- **Required work**: Print all of the entries exactly, minus the pictures.

------ Dataset entries

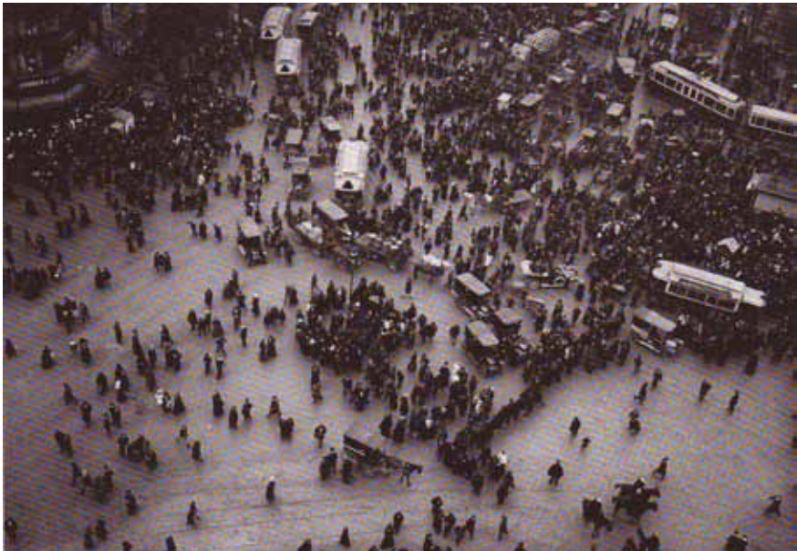
1. LÉON GIMPEL, LA FOULE PARISIENNE UN JOUR DE FÊTE, 27 FÉVRIER 1913 (SOCIÉTÉ FRANÇAISE DE PHOTOGRAPHIE).

Cette radicalité de la vue aérienne, incitant à adopter perspectives et cadres de vue inédits, gagne le milieu artistique dans ses différents courants, cubiste,
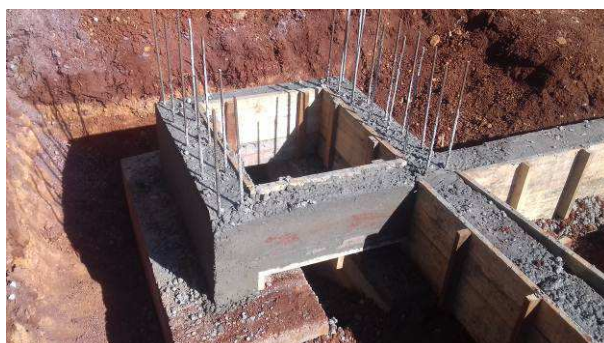
Figura 38C: Vigas V20, V28, V29 e V30, em processo de desforma
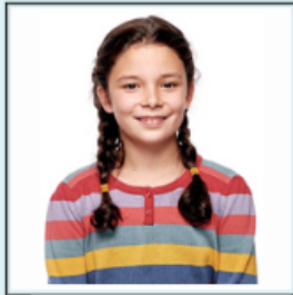
1. Finja C

1. Ergänze die fehlenden Namen und verbinde die Figuren mit ihrer Handlung wie im Beispiel.
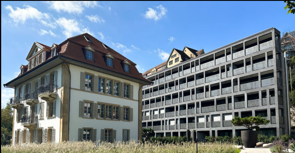
villa & parc verdan - bienne
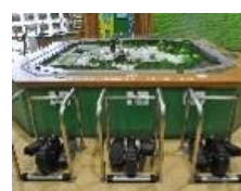
発電体験コーナー

※ 本プログラム当日（12月25日（月））は、無料シャトルバスの運行はありませんので、御注意ください。
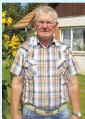
В «Янькални», возле собственноручно построенного дома, в саду, за которым ухаживает жена.

Вот уже девятнадцать лет на набережной Венты, на променаде улицы Остас, недалеко от замка Ливонского ордена на созданной под старину чугунной скамейке сидит вылитый в Берлине из бронзы Кришьянис Валдемарс (1825 – 1891). «Латыш» – так он скромно, а иногда с гордостью называл себя, когда учился в Тарту. «Великий латыш» – так за выдающиеся заслуги в народном хозяйстве
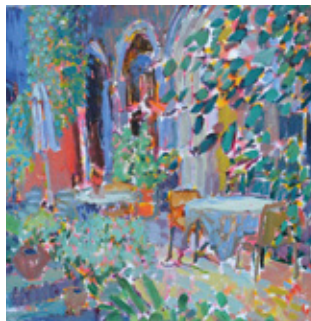
👤 Kirsten Bøgh
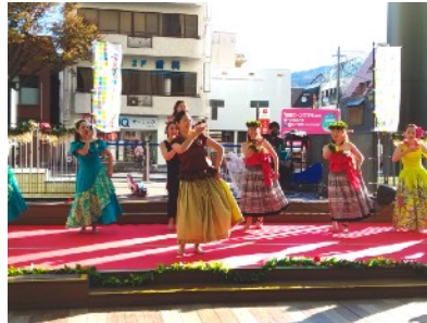
子どもから大人まで幅広い世代がダンスを披露
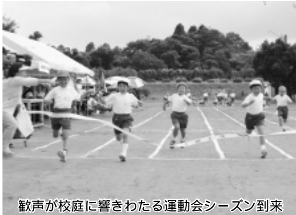
歓声が校庭に響きわたる運動会シーズン到来
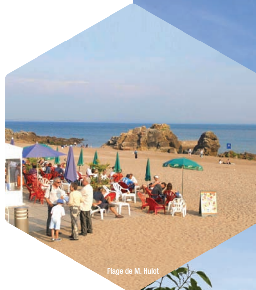
Plage de M. Hulot
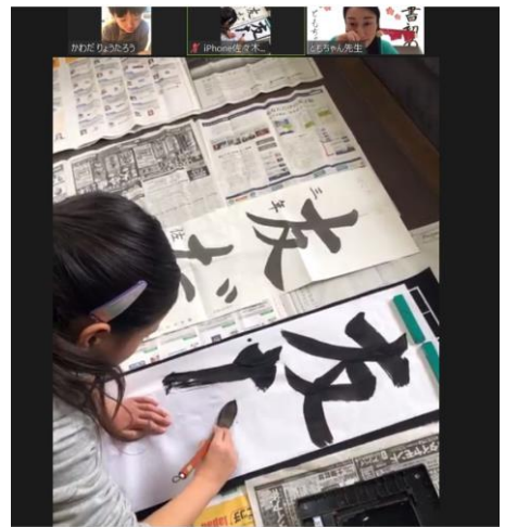
集中する子供たち
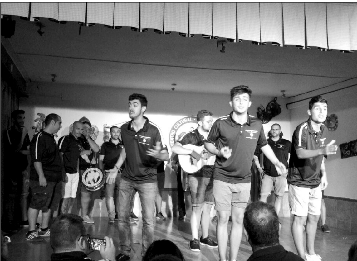
Actuación de la Comparsa La Bella Durmiente.
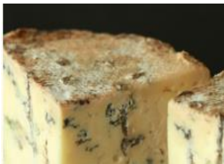
BLEU DE LA MOUTONNIÈRE 3 KG
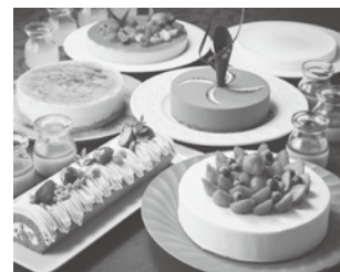
デザート（イメージ）

------------

- **Answer area**:
1. LÉON GIMPEL, LA FOULE PARISIENNE UN JOUR DE FÊTE, 27 FÉVRIER 1913 (SOCIÉTÉ FRANÇAISE DE PHOTOGRAPHIE).

Cette radicalité de la vue aérienne, incitant à adopter perspectives et cadres de vue inédits, gagne le milieu artistique dans ses différents courants, cubiste,
Figura 38C: Vigas V20, V28, V29 e V30, em processo de desforma
1. Finja C

1. Ergänze die fehlenden Namen und verbinde die Figuren mit ihrer Handlung wie im Beispiel.
villa & parc verdan - bienne
発電体験コーナー

※ 本プログラム当日（12月25日（月））は、無料シャトルバスの運行はありませんので、御注意ください。
В «Янькални», возле собственноручно построенного дома, в саду, за которым ухаживает жена.

Вот уже девятнадцать лет на набережной Венты, на променаде улицы Остас, недалеко от замка Ливонского ордена на созданной под старину чугунной скамейке сидит вылитый в Берлине из бронзы Кришьянис Валдемарс (1825 – 1891). «Латыш» – так он скромно, а иногда с гордостью называл себя, когда учился в Тарту. «Великий латыш» – так за выдающиеся заслуги в народном хозяйстве
👤 Kirsten Bøgh
子どもから大人まで幅広い世代がダンスを披露
歓声が校庭に響きわたる運動会シーズン到来
Plage de M. Hulot
集中する子供たち
Actuación de la Comparsa La Bella Durmiente.
BLEU DE LA MOUTONNIÈRE 3 KG
デザート（イメージ）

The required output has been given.